Initialize the plugin in main(), set the parser, and log a load message.
Core plugin code
type llmParser struct { httpStream map[uint64]*StreamInfo }
type StreamInfo struct {
reqTime uint64 // request time
respFirstChunkedTime uint64 // first chunk response time
totalToken uint64 // total output token count
flag int // whether first chunk time has been recorded
}
func checker(payload []byte) (protoNum uint8, protoStr string) {
req, err := http.ReadRequest(bufio.NewReader(bytes.NewReader(payload)))

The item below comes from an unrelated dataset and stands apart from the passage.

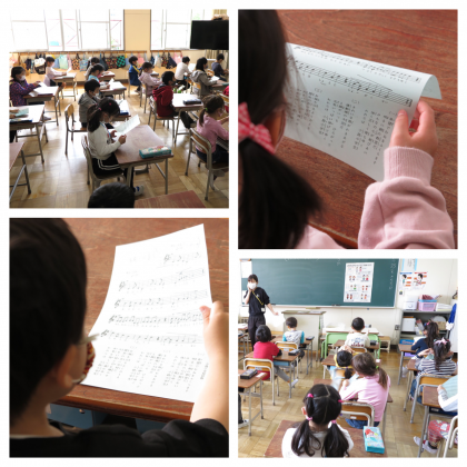 1年生は、校歌を覚える学習をしていました。校歌には、その学校の伝統や特徴が散りばめられています。歴史のある学校、お城やお山の見える学校と歌われています。さすがにビルが立ち並ぶ今の時代には大阪城は見えないかと思いましたが、よく見ると遠くに天守閣が見えました。校歌が作られた時代には、大阪城も生駒山もとてもよく見えていたのでしょうね。
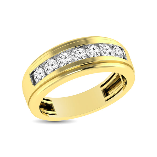 This stunning satin finish Men's Band set with 7 round shape diamonds of 1/2 ctw in channel setting. An exquisite symbol of your marriage commitment, this band is sure to please him.

if err != nil { return 0, "" }
if strings.Contains(req.URL.Path, "/generate_stream") {
sdk.Warn(fmt.Sprintf("check: %s", req.URL.Path))
return 1, "http_stream"
}
return 0, ""
}
func (p *llmParser) HookIn() []sdk.HookBitmap {
return []sdk.HookBitmap{sdk.HOOK_POINT_PAYLOAD_PARSE}
}
func (p *llmParser) OnCheckPayload(baseCtx *sdk.ParseCtx) (uint8, string) {
if baseCtx.EbpfType != sdk.EbpfTypeNone { return 0, "" }
payload, err := baseCtx.GetPayload()
if err != nil { return 0, "" }
if baseCtx.Direction == sdk.DirectionRequest {
return checker(payload)
}
return 0, ""
}
func (p *llmParser) OnParsePayload(baseCtx *sdk.ParseCtx) sdk.Action {
if baseCtx.L7 != 1 { return sdk.ActionNext() }
payload, err := baseCtx.GetPayload()
if err != nil { return sdk.ActionAbortWithErr(err) }
flowId := baseCtx.FlowID
if p.httpStream[flowId] == nil { p.httpStream[flowId] = &StreamInfo{} }
switch baseCtx.Direction {
case sdk.DirectionRequest:
req, err := http.ReadRequest(bufio.NewReader(bytes.NewReader(payload)))

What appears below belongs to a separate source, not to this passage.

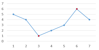 给定n个整数表示一个商店连续n天的销售量。如果某天之前销售量在增长,而后一天销售量减少,则称这一天为折点,反过来如果之前销售量减少而后一天销售量增长,也称这一天为折点。其他的天都不是折点。如下图中,第3天和第6天是折点。

if err != nil { return sdk.ActionNext() }
p.httpStream[flowId].reqTime = baseCtx.Time
info := &sdk.L7ProtocolInfo{Req: &sdk.Request{Resource: req.URL.Path}, Resp: &sdk.Response{}}
return sdk.ParseActionAbortWithL7Info([]*sdk.L7ProtocolInfo{info})
case sdk.DirectionResponse:
r := bufio.NewReader(bytes.NewReader(payload))

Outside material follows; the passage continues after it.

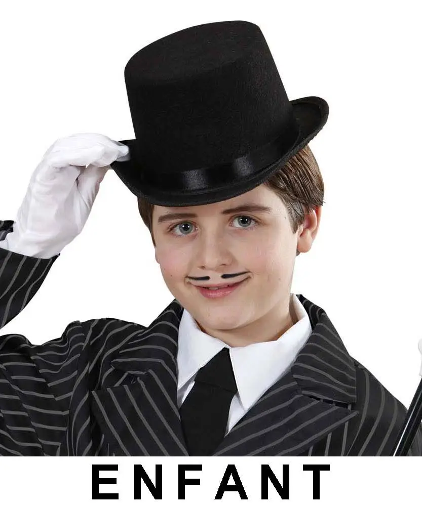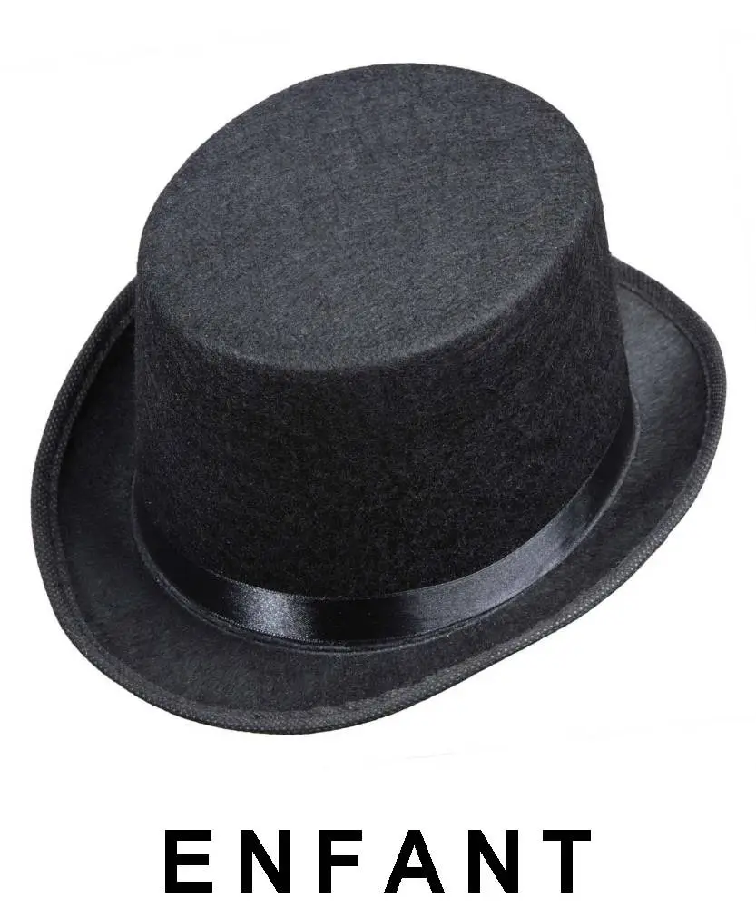 Haut de forme pour enfant, en feutre noir décoré d’un ruban satin. Un couvre-chef distingué proposé en petite taille.

bs, _, err := r.ReadLine()
if err == io.EOF { return sdk.ActionNext() }
if regexp.MustCompile(`^HTTP/[1-2]\.[01] \d{3} .*`).MatchString(string(bs)) { return sdk.ActionNext() }
if string(bs) == "0" {
attr := []sdk.KeyVal{{Key: "ttft", Val: fmt.Sprintf("%d", p.httpStream[flowId].respFirstChunkedTime-p.httpStream[flowId].reqTime)},
{Key: "tpot", Val: fmt.Sprintf("%d", (baseCtx.Time-p.httpStream[flowId].respFirstChunkedTime)/p.httpStream[flowId].totalToken)}}
info := &sdk.L7ProtocolInfo{Req: &sdk.Request{}, Resp: &sdk.Response{}, Kv: attr}
delete(p.httpStream, flowId)
return sdk.ParseActionAbortWithL7Info([]*sdk.L7ProtocolInfo{info})
}
// first token chunk
if p.httpStream[flowId].flag == 0 {
p.httpStream[flowId].flag = 1
p.httpStream[flowId].respFirstChunkedTime = baseCtx.Time
p.httpStream[flowId].totalToken = uint64(len(bs))
return sdk.ActionNext()
}
// subsequent chunks
p.httpStream[flowId].totalToken += uint64(len(bs))
return sdk.ActionNext()
default:
return sdk.ActionNext()
}
}
func main() {
sdk.Warn("llm wasm plugin loaded")
llm := &llmParser{httpStream: map[uint64]*StreamInfo{}}
sdk.SetParser(llm)
}Compilation and deployment
tinygo build -o llm.wasm -target wasi -gc=precise -panic=trap -scheduler=none -no-debug
deepflow-ctl plugin create --type wasm --image llm.wasm --name llm ./llm/llm.go
deepflow-ctl plugin listThe WASM binary is uploaded to the DeepFlow server and distributed to agents without restarting the target service.
Grafana visualization
Collected metrics are displayed in Grafana dashboards integrated with the Pan‑Base UI and the panoramic topology view. TTFT, TPOT and token production rate enable rapid identification of performance bottlenecks and support billing monitoring for external models.
Roadmap
Prompt input/output tracing and token consumption monitoring.
Function‑level GPU/HBM performance profiling for training and fine‑tuning.
Millisecond‑level RDMA communication analysis.
Real‑time heterogeneous GPU performance indicators.